Cancer cell (Impact Factor: 25.29). 02/2012; 21(2):196-211. DOI: 10.1016/j.ccr.2011.12.025
Source: PubMed

ABSTRACT Elevated Aurora kinase-A expression is correlated with abrogation of DNA damage-induced apoptotic response and mitotic spindle assembly checkpoint (SAC) override in human tumor cells.

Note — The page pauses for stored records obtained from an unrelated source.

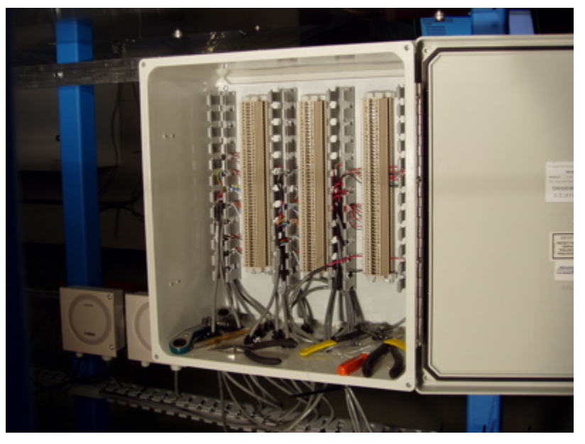
Figure 3-1. Photograph of one of two of the intermediate I/O interface wiring panels. Screw terminals and wiring conduit (below box) are shown. Eight wire cable is used for connections.
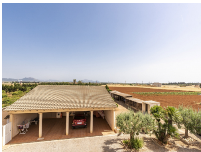
View to the carport
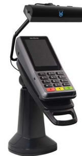
P400 - Plus - UV24-PT+
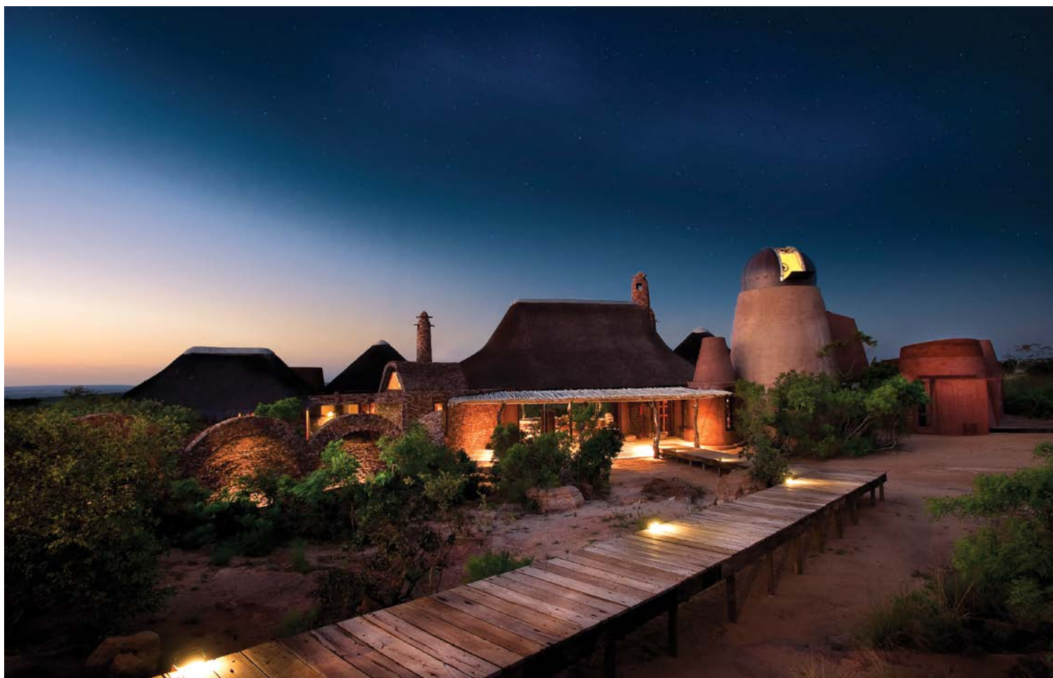
Leobo Observatory Villa, South Africa
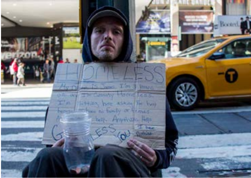
32nd Street, 2017.
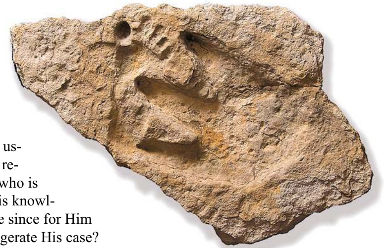
Dinosaur and human footprints from Glen Rose Texas

So is there any extra-biblical evidence that would support claims of dinosaurs coexisting with
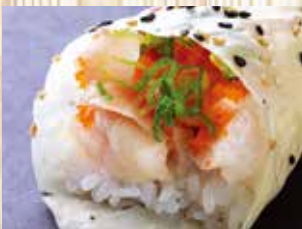
*Yellowtail Truffle Hand Roll
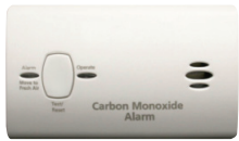
Model KN-COB-B-LPM Carbon Monoxide Alarm Battery Operated
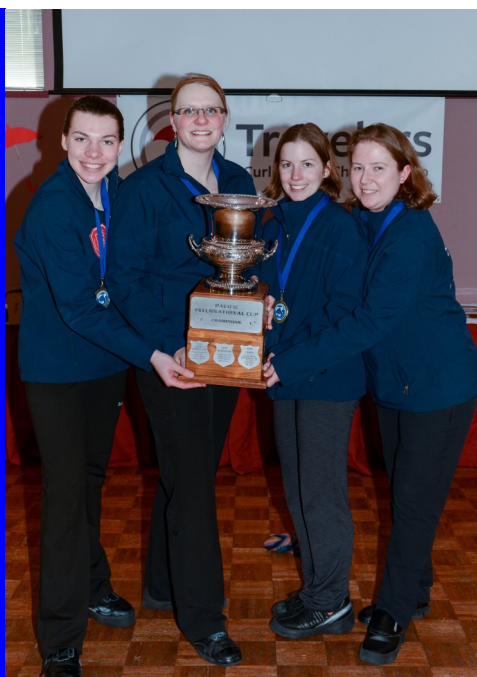
2016 PIC Women's Champs - Alaska (Fairbanks CC)

Bronze: Washington (Granite Club of Seattle)
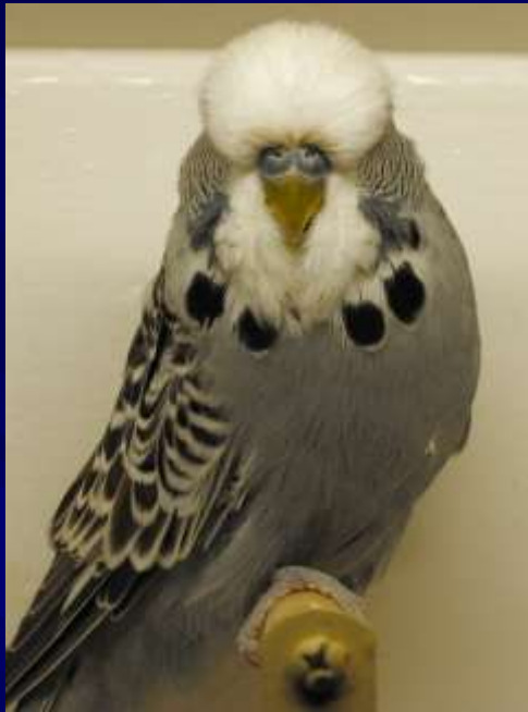
2004 Winner C & B Gearing WA

We report that Aurora-A phosphorylation of p73 at serine235 abrogates its transactivation function and causes cytoplasmic sequestration in a complex with the chaperon protein mortalin. Aurora-A phosphorylated p73 also facilitates inactivation of SAC through dissociation of the MAD2-CDC20 complex in cells undergoing mitosis. Cells expressing phosphor-mimetic mutant (S235D) of p73 manifest altered growth properties, resistance to cisplatin- induced apoptosis, as well as premature dissociation of the MAD2-CDC20 complex, and accelerated mitotic exit with SAC override in the presence of spindle damage. Elevated cytoplasmic p73 in Aurora-A overexpressing primary human tumors corroborates the experimental findings.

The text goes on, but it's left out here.